When I went to the school choice fair in West Hartford, the number of schools that I had to talk to and choose from overwhelmed me. There were about 40 booths packed in a single high school multi-purpose room. I thought to myself, “how am I going to know which of these schools is the best for my child?” As a parent who is a serious proponent of high quality child education, this concern became larger when I started talking to the people at the booth.

Administrator from a middle school – “Our school is special because we concentrate our classes on group discussions and seminars where your child can start to learn critical thinking skills.”

Another from a magnet middle school – “Our school offers a special STEM program which will build the science foundation of your child and will lead to better career opportunities.”

A student representative from a middle school – “Our school is so much fun!”

Since my main concern is the quality of education, these different curriculums and specialties of schools made it hard for me to process the information. I mean, how am I supposed to know accurate information of the schools from administrators desperately trying to sale the school brand? I need to do some research on some school statistics that cannot be found through just talking to the people.

Are these magnet schools even worth it? What if my child is destined to be an artist, but ends up in a STEM school? Wouldn’t my child want to explore whatever she wants, and find out what she wants to do during college, or even later in life?

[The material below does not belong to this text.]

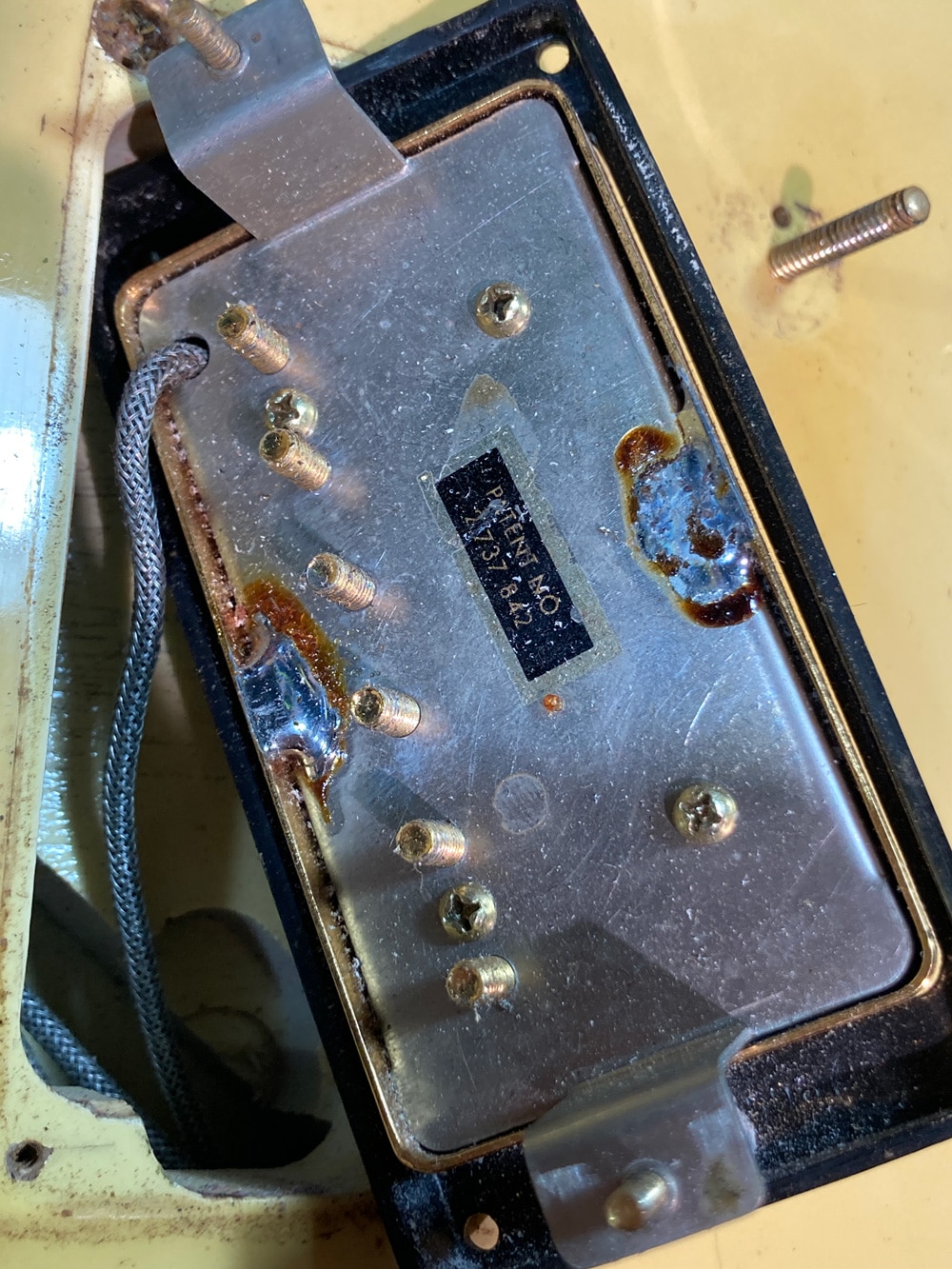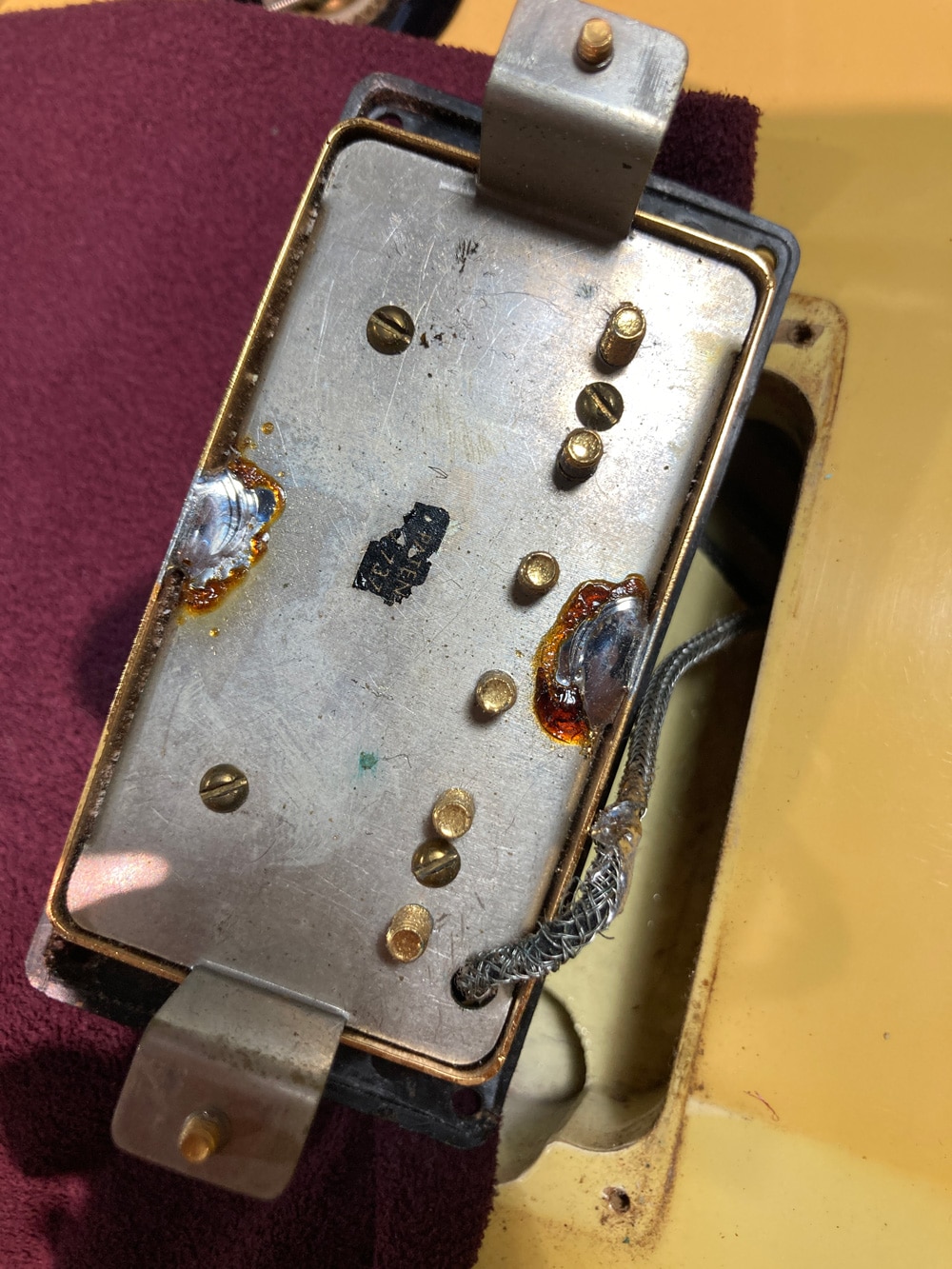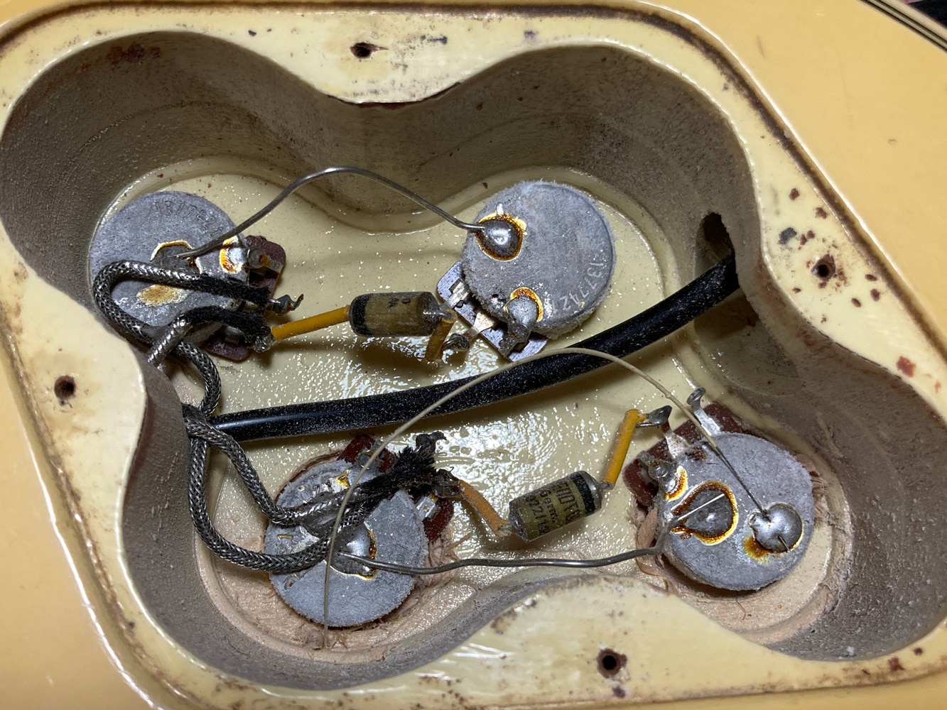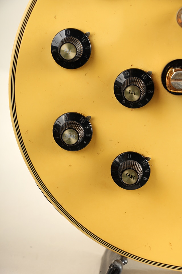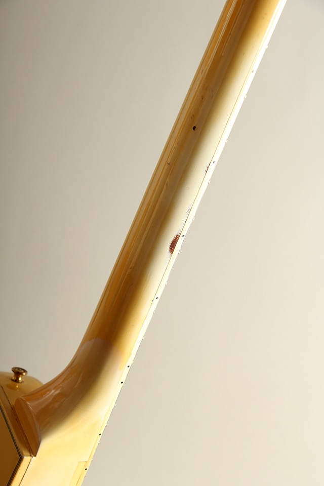 経年からある程度のキズや塗装クラック、部分的な塗装剥がれ等はありますが、年式からして良好な状態をキープしております。ブリッジサドル2つ、ペグはグローバーからこの年代のワッフルペグへ交換。ブリッジ下にエクストラホール2つ有り、ボディエンド側にストラップピン穴埋め痕1つ有り。ネックコンディションは良好でトラスロッド余裕もあり、リナット&リフレットされて残りもありますので演奏面も良好です。オリジナルハードケースが付属します。

Going through this process is difficult, but I guess my pressure is lower than parents from other districts. We have some high quality public schools in Avon, such as the Roaring Brook Elementary and Avon Middle School. These schools are probably the best choice for me instead of magnet schools that require long time to travel to and have the potential to steer my child towards only a specific interest. And, since many Avon parents choose neighborhood public schools as an alternative to magnet schools, the participation rate in the lottery system from Avon is very low. That allows us to have a higher probability than other districts to be admitted to the magnet schools. (I have read that typically the probability for a suburb resident to get into one magnet school is about 25 percent.)